Scott's role in the transactions eludes easy categorization. The "Service Contract," appended as exhibit 1 to the complaint, contained a clause explicitly describing Scott, Inc., as an independent contractor; other provisions, however, tended to create an agency relationship. For example, Scott, [206 Cal. App. 3d 732] Inc., was bound to comply with all written instructions of the bank relating to the notes and remained responsible for collecting payments due on the notes and providing the bank with relevant financial information. Under these allegations, the existence of an agency was a question of fact to be resolved at trial. But can it be inferred that the agency relationship was that of a real estate broker? Business and Professions Code section 10131 provides: "A real estate broker within the meaning of this part is a person who, for a compensation or in expectation of a compensation, regardless of the form or time of payment, does or negotiates to do one or more of the following acts for another or others: ... (e) Sells or offers to sell, buys or offers to buy, or exchanges or offers to exchange a real property sales contract, or a promissory note secured directly or collaterally by a lien on real property or on a business opportunity, and performs services for the holders thereof." Scott, Inc., dealt with promissory notes secured by a lien on real property, and it was compensated by receiving the spread between the interest rate payable to the original holder of the notes and the reduced interest rate payable to the purchaser of the notes. The complaint does not allege, however, that Scott, Inc., acted "for another or others" in dealing with the promissory notes. It alleges rather that Scott, Inc., itself was "in the business of making distress loans at high rates of interest ...." This allegation in itself indicates only that the corporation acted as a lender engaged in selling loans to other lenders.
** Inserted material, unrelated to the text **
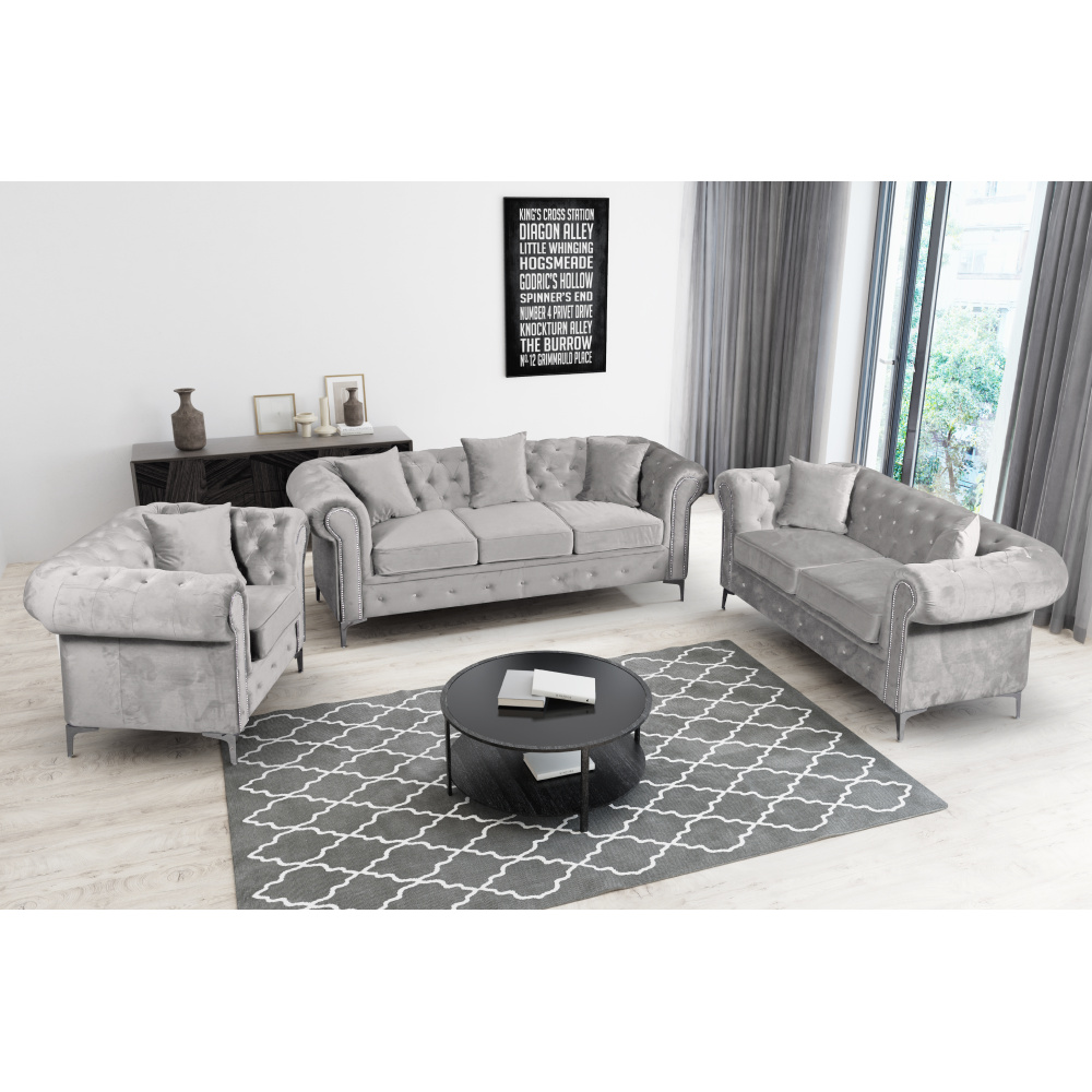 Materiál čalounění: látka Velvet 03 Oděruodolnost látky podle testu Martindale: 50 000 oděrů Barva čalounění: světle šedá Rozměry (ŠxHxV): 185x88x73 cm Plocha na spaní (ŠxD): 113x190 cm Výška sedu: 46,6 cm Hloubka sedu: 55 cm Na kovových nožičkách Barva nožiček: stříbrná Výška spodního prostoru od podlahy: 9 cm Nosnost na osobu: 120 kg Výplň: pružina falista Tvrdost: T30 Celočalouněný Noblesní Luxusní Chesterfield Prošívaný Rozkládací Dekorativní knoflíky Barva dekorativních knoflíků: stříbrná Dodáván se dvěma polštáři Sedací část se suchým zipem Dodáván v demontu Možnost objednání v 5 barevných odstínech látky Velvet s dodací lhůtou 8-10 týdnů. Při individuální objednávce je třeba zaplatit 20% zálohu z dané částky. Po uhrazení zálohy bude Váš požadavek zadán do výroby.

The power of attorney, appended as exhibit 2 to the complaint, unquestionably created an agency relationship, broadly authorizing Scott to act in the bank's behalf, but we must again inquire whether Scott acted as a real estate broker. [3] A power of attorney with respect to real estate may be exercised by a person not possessing a real estate broker's license. Business and Professions Code section 10133 specifically provides: "(a) The acts described in Section 10131 are not acts for which a real estate license is required if performed by: ... (2) A person holding a duly executed power of attorney from the owner of the real property with respect to which the acts are performed." However, if a power of attorney actually contemplates real estate brokerage services, the courts will look to the substance of the agreement. For example, a person cannot evade the licensing requirements of the Real Estate Act by the device of securing powers of attorney from prospective clients. (Richardson v. Roberts (1962) 210 Cal. App. 2d 603, 607 [26 Cal. Rptr. 829].)

[2b] Under the power of attorney at issue here, Scott agreed that, if Barclays should purchase the property on foreclosure, he would "use best efforts to sell or otherwise dispose of the above-described property with all reasonable speed upon terms and conditions prevailing in the market at that time, ..." The language authorizes Scott to perform acts "for another" [206 Cal. App. 3d 733] that fall within the description of real estate brokerage. Business and Professions Code section 10131, subdivision (a), defines a real estate broker as a person who "[s]ells or offers to sell, buys or offers to buy, solicits prospective sellers or purchasers of, solicits or obtains listings of, or negotiates the purchase, sale or exchange of real property or a business opportunity." fn. 1 But did Scott in fact act as a broker? Though authorized to do so, he may have retained the services of other real estate brokers rather than acting himself in that capacity. The complaint is obscure on this point. It does allege, however, that Scott advertised the property by posting a "For Sale" sign with his telephone number. This allegation supports an inference that he acted in a professional capacity.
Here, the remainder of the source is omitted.